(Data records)
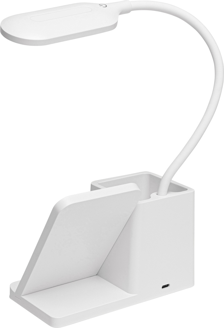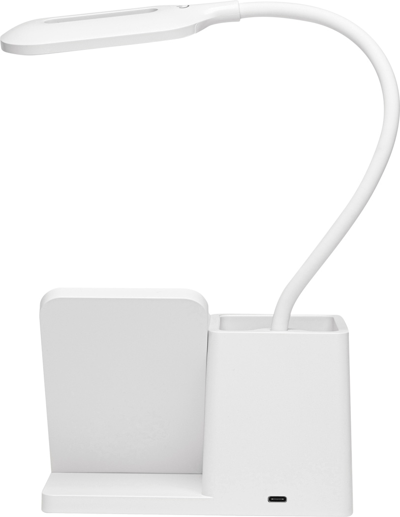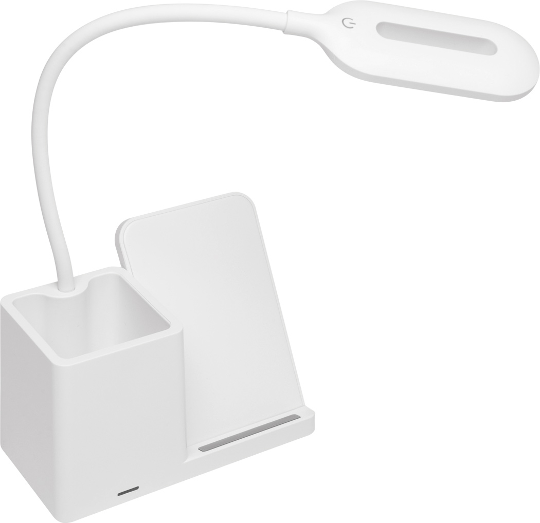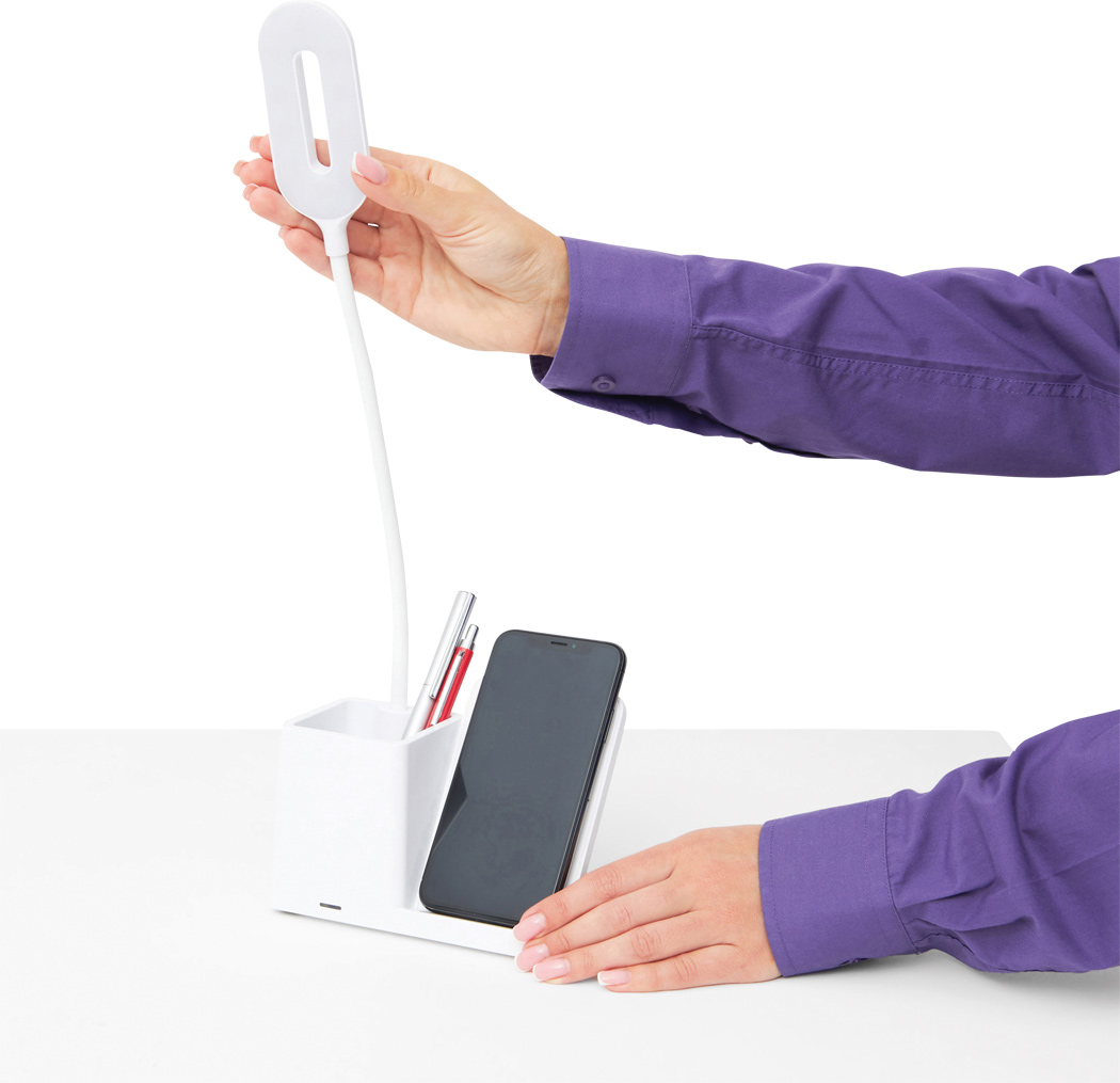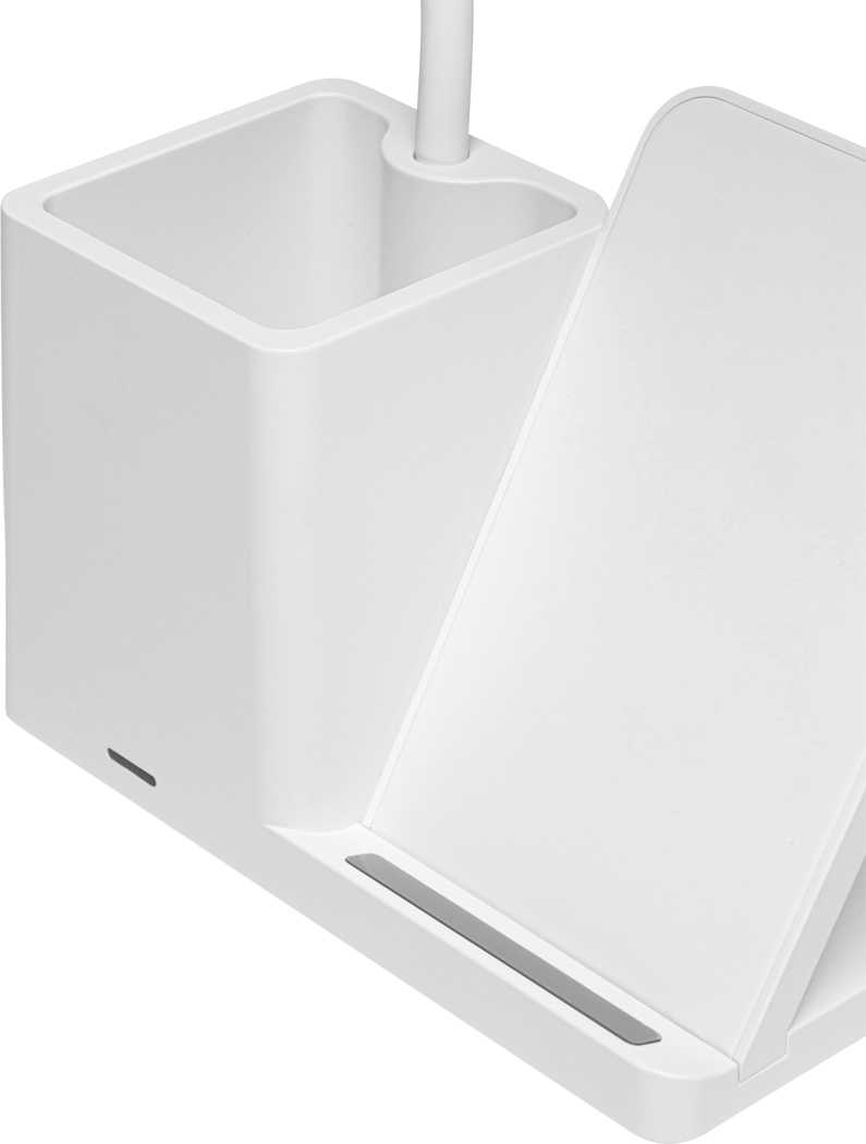 Schreibtischlampe mit Ladestation LIGHT & CHARGE: 360° flexibel schwenkbarer Leuchtarm mit 10 warmweißen und 10 kaltweißen LED, An uns Aus per Fingertipp, Stifthalter und induktive Ladestation, kabelloses Aufladen des Gerätes durch Auflegen auf die Kontaktfläche (Gerät muss für induktives Laden gerüstet sein), inkl. USB-Ladekabel mit USB Typ C Stecker (Länge: ca. 102 cm), Betriebsanzeigelicht, Eingangsleistung: 5V/2A, 9V/2A, Ausgangsleistung: 10W (max.), mit Temperaturkontrolle und Fremdkörpererkennung, 4 rutschhemmende Füße auf der Unterseite, in Box
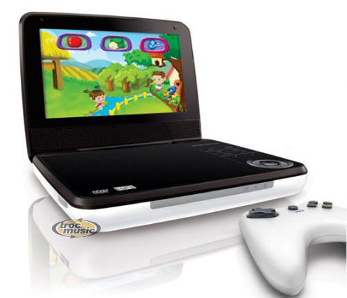 Lecteur DVD portable doté d'une fonction jeu et d'un clavier. Écran LCD de 18 cm, 3 heures d'autonomie.
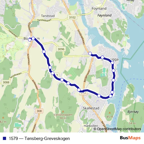 Bus 1579 - Tønsberg-Greveskogen: Full Schedule in Borgheim
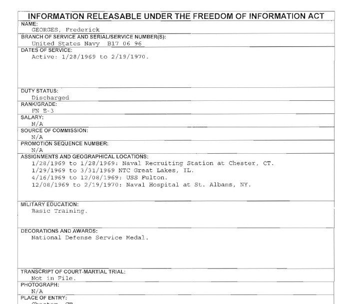 Since he was nice enough to use his serial number, getting the FOIA was made that much easier, thanks Frederick. So he spent a whole thirteen months in the Navy. He was assigned to the USS Fulton, AS-11, a submarine tender. According to the history of the boat, ship, floater, during the time Georges was assigned to it;
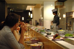 Matsuri, vous connaissez le principe ? Les petites assiettes hors de prix défilent et vous les attrapez au vol… Rigolo mais pas nourissant.
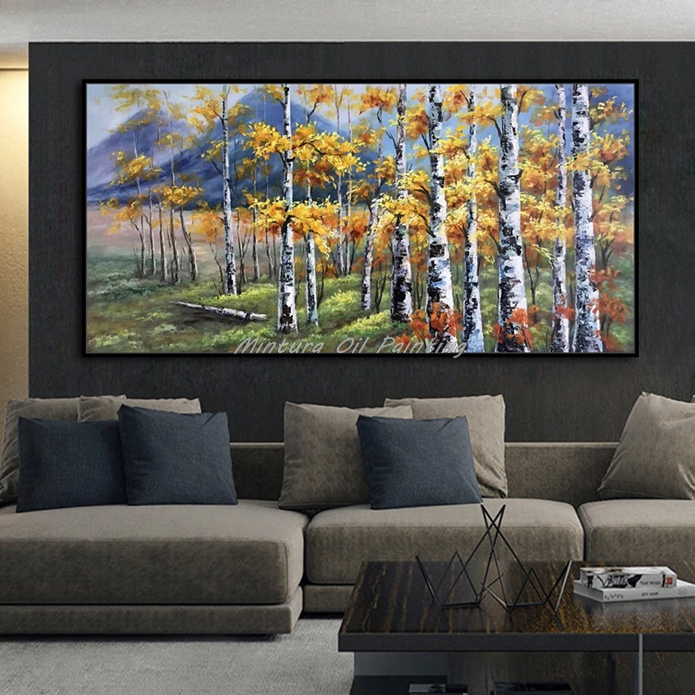 Mintura картина на стену для Гостиная масло Картины на канва Ручная роспись красивые березы Декор для дома с лесным пейзажем Wall Art без рамки
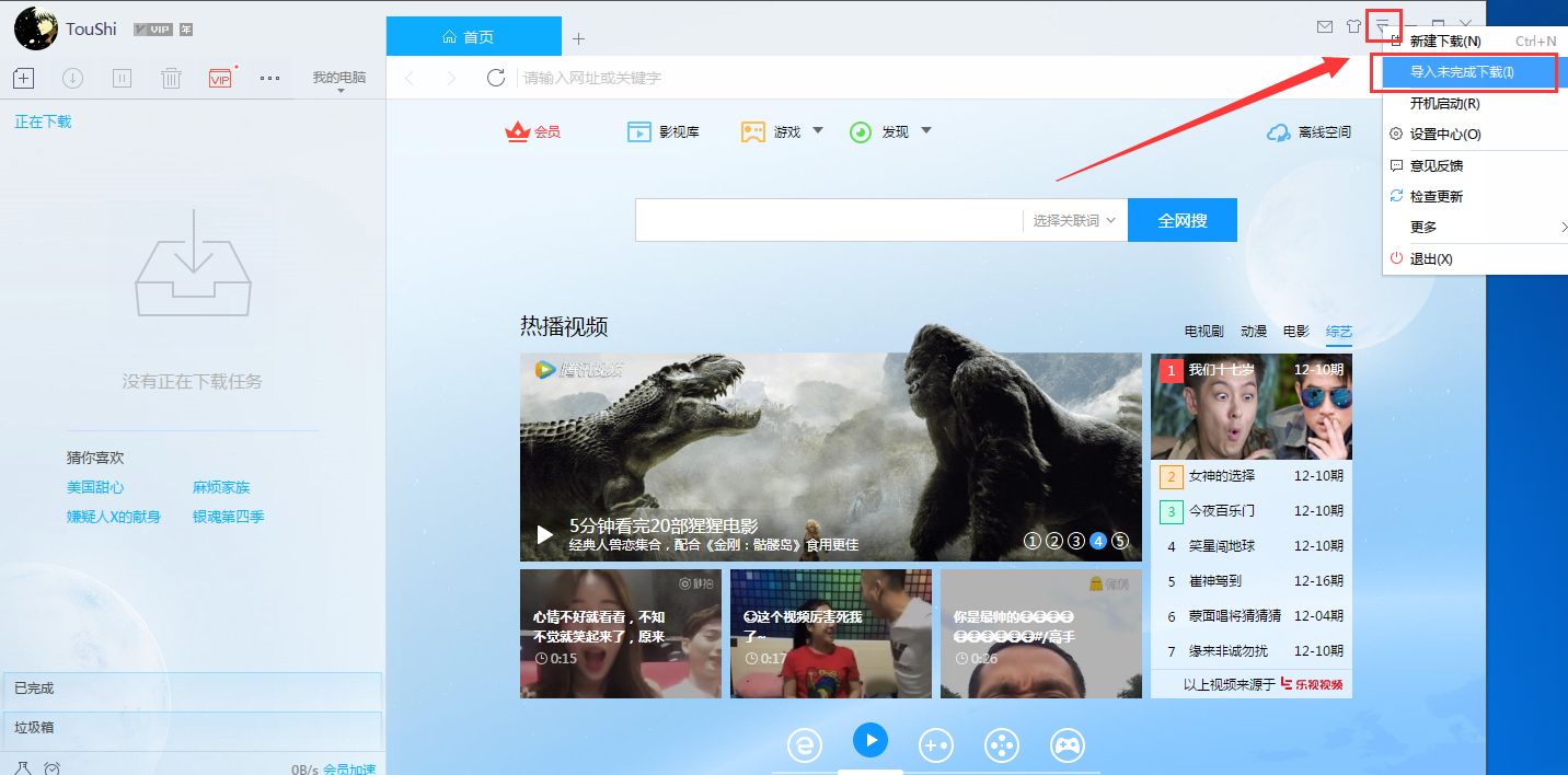 2、接着我们在迅雷9主界面的右上角找到一个倒三角的按钮,打开它在里边的选项中选择“导入未完成下载”;

Work instruction
Would you copy, word for word, only the lines above from the one containing "Since he was" through the one containing "Mintura картина на", both included, and please leave out the pictures?

Answer box
 Since he was nice enough to use his serial number, getting the FOIA was made that much easier, thanks Frederick. So he spent a whole thirteen months in the Navy. He was assigned to the USS Fulton, AS-11, a submarine tender. According to the history of the boat, ship, floater, during the time Georges was assigned to it;
 Matsuri, vous connaissez le principe ? Les petites assiettes hors de prix défilent et vous les attrapez au vol… Rigolo mais pas nourissant.
 Mintura картина на стену для Гостиная масло Картины на канва Ручная роспись красивые березы Декор для дома с лесным пейзажем Wall Art без рамки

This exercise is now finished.